DATA EXCERPT –
================================
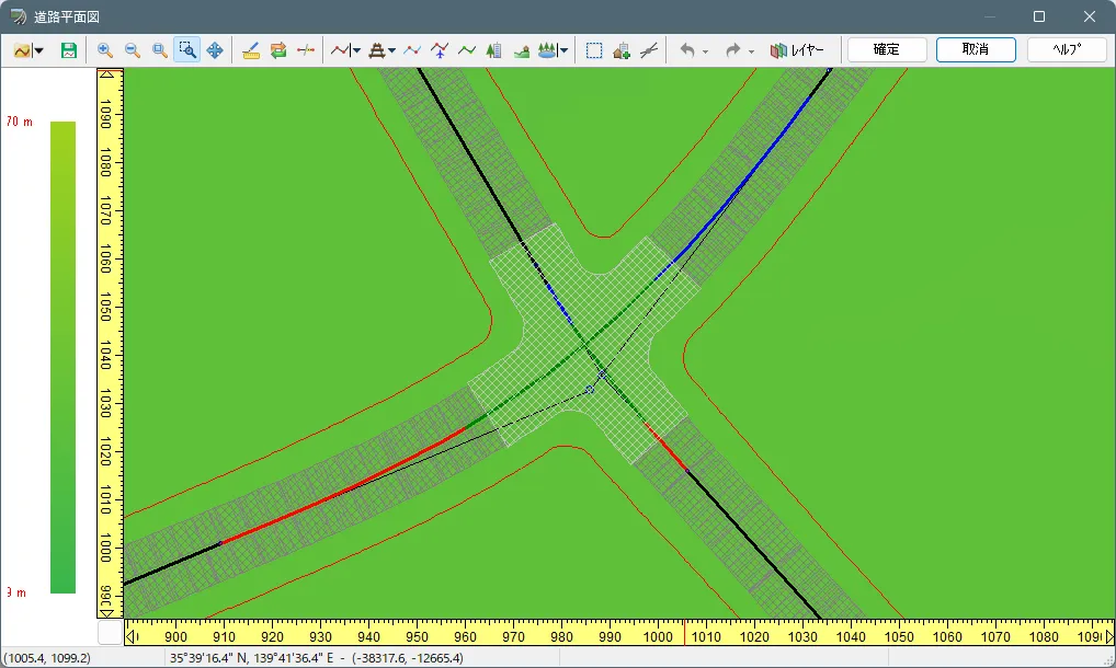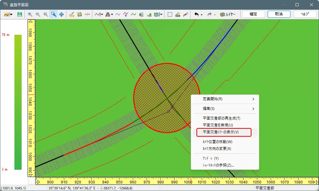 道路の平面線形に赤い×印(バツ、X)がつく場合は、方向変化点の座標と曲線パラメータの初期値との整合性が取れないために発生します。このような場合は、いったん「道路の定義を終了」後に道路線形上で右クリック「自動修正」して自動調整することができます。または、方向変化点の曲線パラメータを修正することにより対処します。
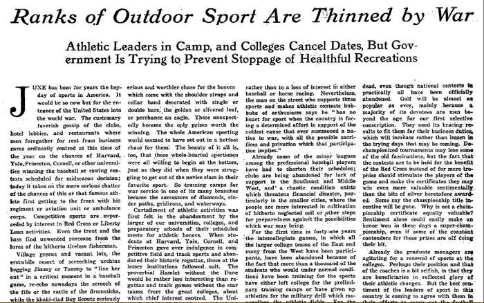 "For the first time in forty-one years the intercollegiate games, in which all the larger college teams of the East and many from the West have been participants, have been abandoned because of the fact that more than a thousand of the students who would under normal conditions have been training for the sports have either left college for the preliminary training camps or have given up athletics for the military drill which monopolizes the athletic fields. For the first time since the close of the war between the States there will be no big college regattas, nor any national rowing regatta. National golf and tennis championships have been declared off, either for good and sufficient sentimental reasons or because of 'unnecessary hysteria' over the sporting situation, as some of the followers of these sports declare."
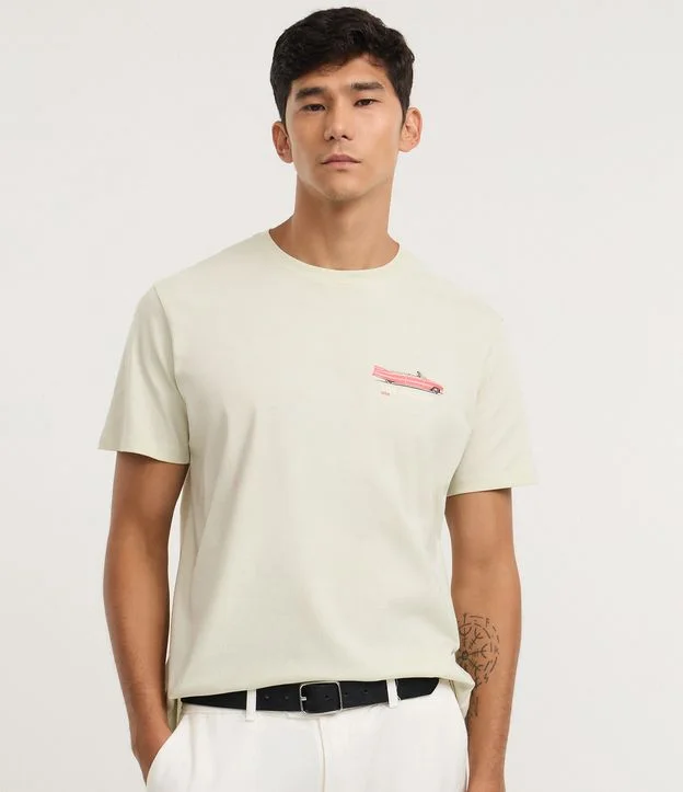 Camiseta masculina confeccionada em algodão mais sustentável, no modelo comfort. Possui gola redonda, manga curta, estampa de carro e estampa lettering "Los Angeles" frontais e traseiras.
================================
WORK TO COMPLETE – Retype the data word for word, please, and keep the images out.

ANSWER –
 道路の平面線形に赤い×印(バツ、X)がつく場合は、方向変化点の座標と曲線パラメータの初期値との整合性が取れないために発生します。このような場合は、いったん「道路の定義を終了」後に道路線形上で右クリック「自動修正」して自動調整することができます。または、方向変化点の曲線パラメータを修正することにより対処します。
 "For the first time in forty-one years the intercollegiate games, in which all the larger college teams of the East and many from the West have been participants, have been abandoned because of the fact that more than a thousand of the students who would under normal conditions have been training for the sports have either left college for the preliminary training camps or have given up athletics for the military drill which monopolizes the athletic fields. For the first time since the close of the war between the States there will be no big college regattas, nor any national rowing regatta. National golf and tennis championships have been declared off, either for good and sufficient sentimental reasons or because of 'unnecessary hysteria' over the sporting situation, as some of the followers of these sports declare."
 Camiseta masculina confeccionada em algodão mais sustentável, no modelo comfort. Possui gola redonda, manga curta, estampa de carro e estampa lettering "Los Angeles" frontais e traseiras.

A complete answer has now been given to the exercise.